§ DIRECTIONS
Take the material below and output exactly the run of lines from the one containing "18.渔夫用绳子通过竹杠拉起" down to the one containing "Moda Femenina Europea", with both included.

***** DATA EXTRACTS *****

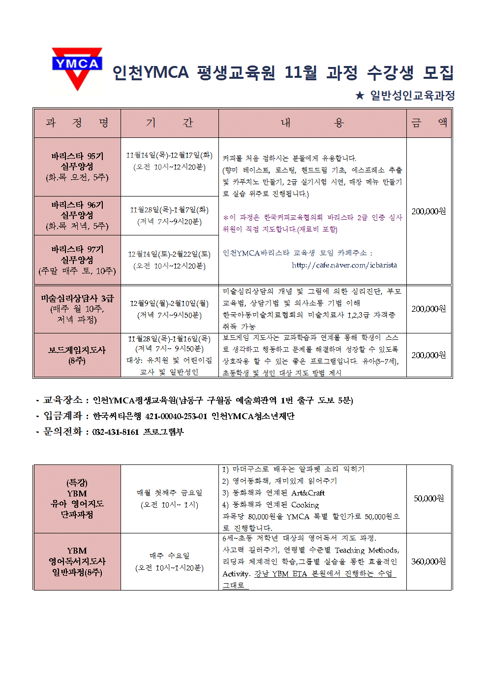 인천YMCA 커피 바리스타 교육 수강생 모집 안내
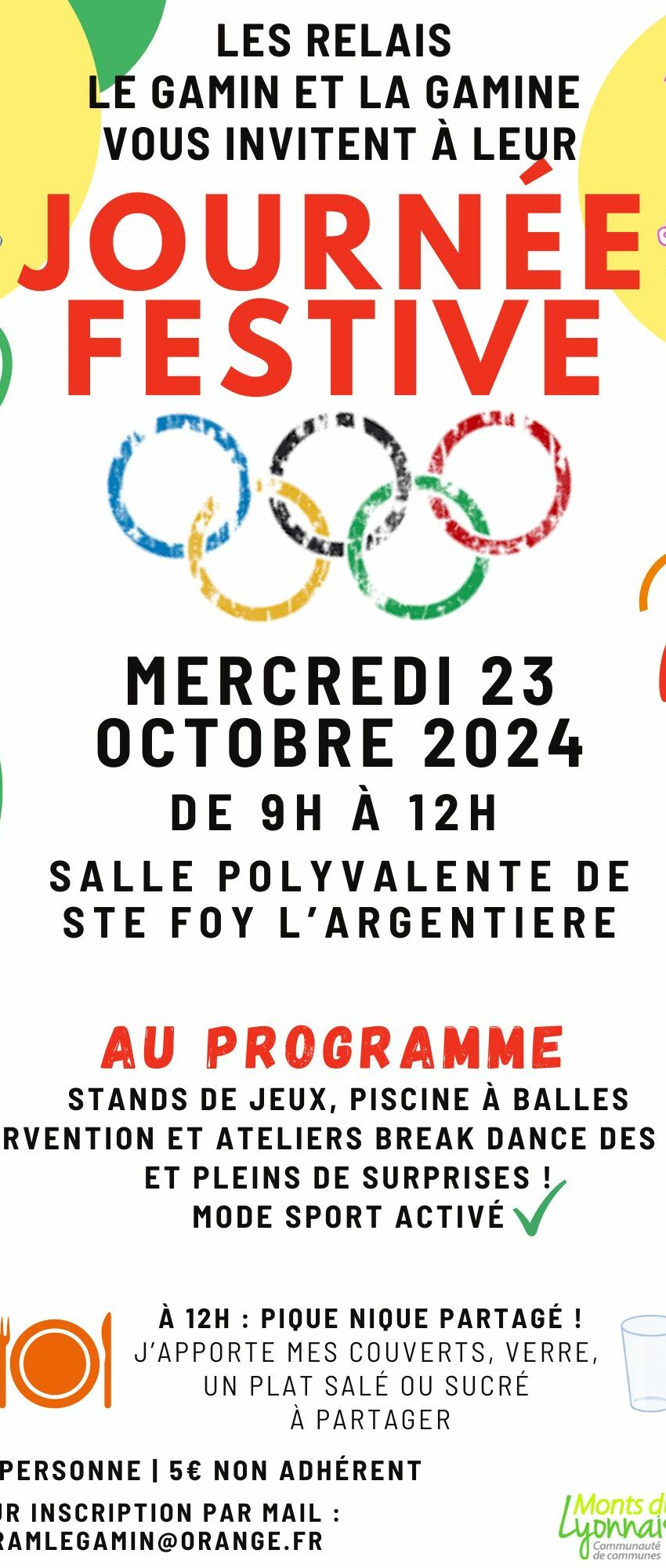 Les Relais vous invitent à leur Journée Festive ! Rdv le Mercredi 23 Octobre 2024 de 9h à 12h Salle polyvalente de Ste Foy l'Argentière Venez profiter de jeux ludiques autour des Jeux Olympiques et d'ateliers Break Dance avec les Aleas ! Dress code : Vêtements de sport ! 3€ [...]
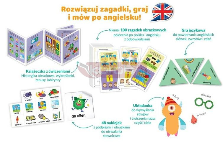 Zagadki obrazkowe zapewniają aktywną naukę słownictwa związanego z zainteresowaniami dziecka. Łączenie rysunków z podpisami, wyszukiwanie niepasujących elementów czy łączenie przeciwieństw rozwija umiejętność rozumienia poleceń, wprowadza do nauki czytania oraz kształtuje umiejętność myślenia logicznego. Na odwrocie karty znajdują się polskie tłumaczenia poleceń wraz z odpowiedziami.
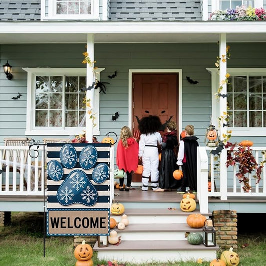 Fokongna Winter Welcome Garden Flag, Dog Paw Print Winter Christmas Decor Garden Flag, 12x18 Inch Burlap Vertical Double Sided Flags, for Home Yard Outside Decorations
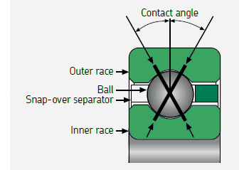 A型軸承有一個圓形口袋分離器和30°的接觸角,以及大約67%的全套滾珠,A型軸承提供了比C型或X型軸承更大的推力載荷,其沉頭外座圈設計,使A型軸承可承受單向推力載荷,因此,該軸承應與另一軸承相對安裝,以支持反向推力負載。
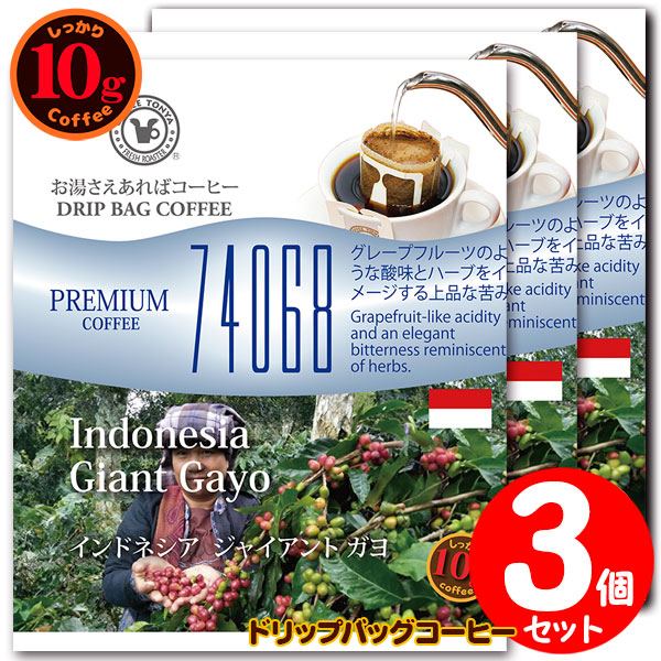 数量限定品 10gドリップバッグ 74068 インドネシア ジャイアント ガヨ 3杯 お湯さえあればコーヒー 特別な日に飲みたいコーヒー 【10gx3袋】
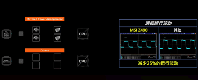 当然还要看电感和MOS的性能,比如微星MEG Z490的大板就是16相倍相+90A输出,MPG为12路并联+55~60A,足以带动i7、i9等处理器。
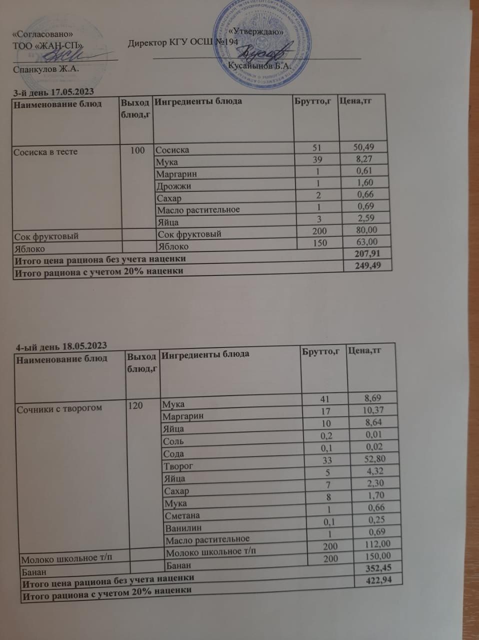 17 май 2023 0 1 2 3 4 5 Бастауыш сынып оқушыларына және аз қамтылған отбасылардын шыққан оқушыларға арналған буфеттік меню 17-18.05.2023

*****
***** DATA EXTRACTS *****

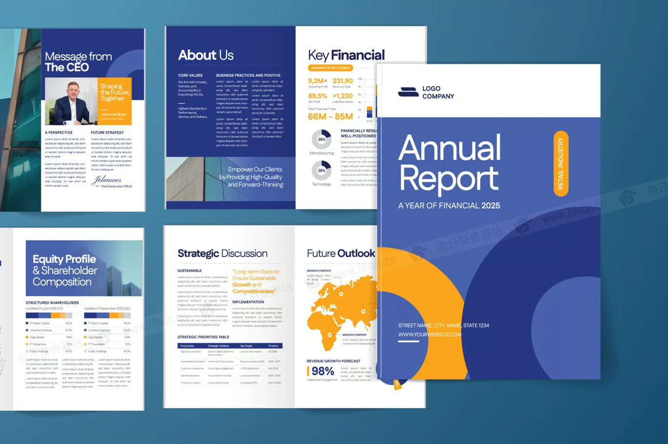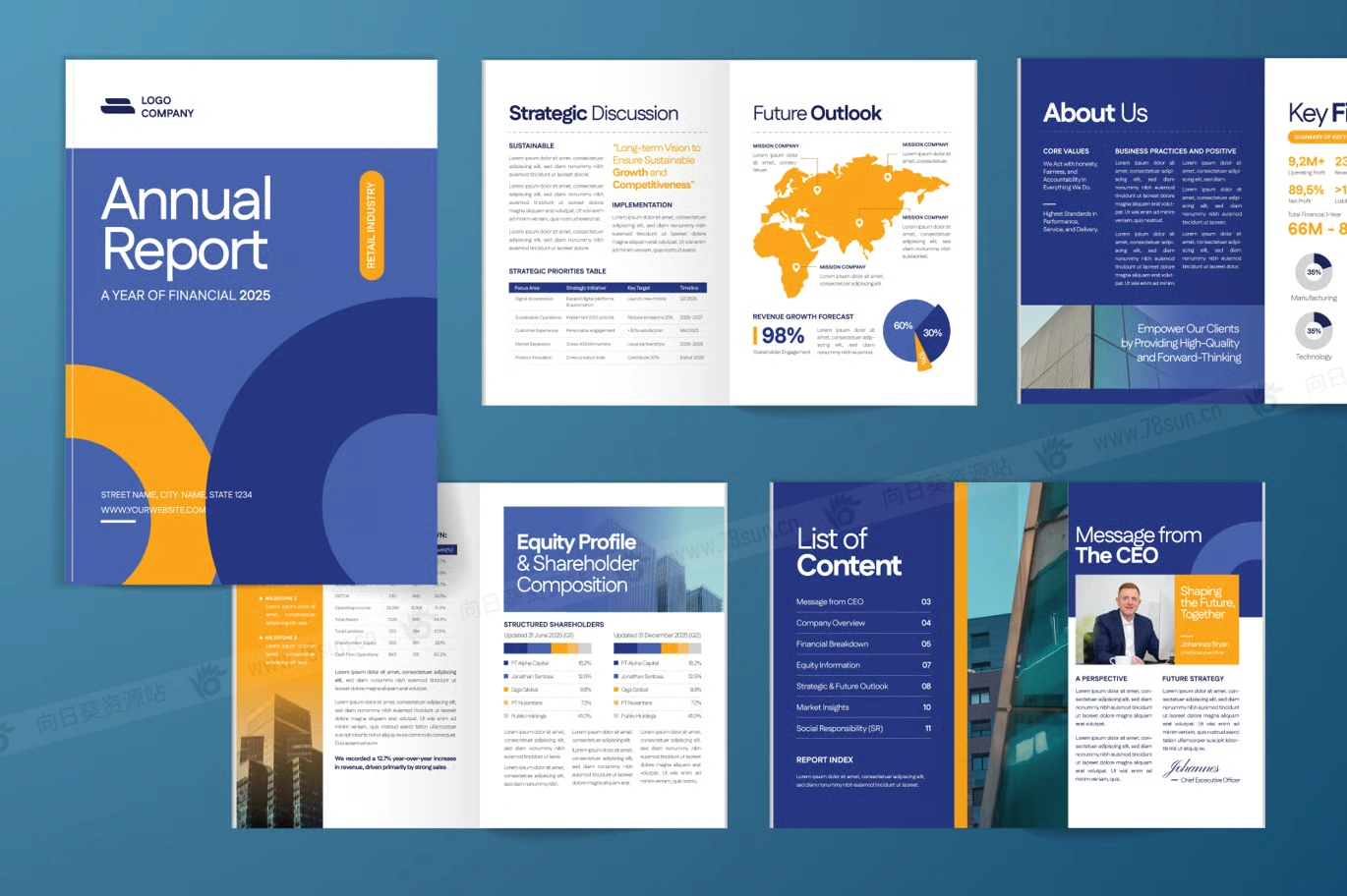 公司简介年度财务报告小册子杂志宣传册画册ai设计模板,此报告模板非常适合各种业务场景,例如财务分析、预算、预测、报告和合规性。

*****
***** DATA EXTRACTS *****

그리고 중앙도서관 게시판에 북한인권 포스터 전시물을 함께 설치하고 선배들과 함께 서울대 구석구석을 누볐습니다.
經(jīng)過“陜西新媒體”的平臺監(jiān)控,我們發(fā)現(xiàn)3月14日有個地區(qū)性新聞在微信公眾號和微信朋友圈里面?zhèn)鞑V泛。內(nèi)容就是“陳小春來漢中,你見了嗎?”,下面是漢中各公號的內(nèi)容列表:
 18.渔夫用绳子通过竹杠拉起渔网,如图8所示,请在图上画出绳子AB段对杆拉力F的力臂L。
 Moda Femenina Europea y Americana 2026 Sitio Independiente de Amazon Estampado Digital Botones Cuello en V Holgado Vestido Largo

*****

§ TASK SOLUTION
 18.渔夫用绳子通过竹杠拉起渔网,如图8所示,请在图上画出绳子AB段对杆拉力F的力臂L。
 Moda Femenina Europea y Americana 2026 Sitio Independiente de Amazon Estampado Digital Botones Cuello en V Holgado Vestido Largo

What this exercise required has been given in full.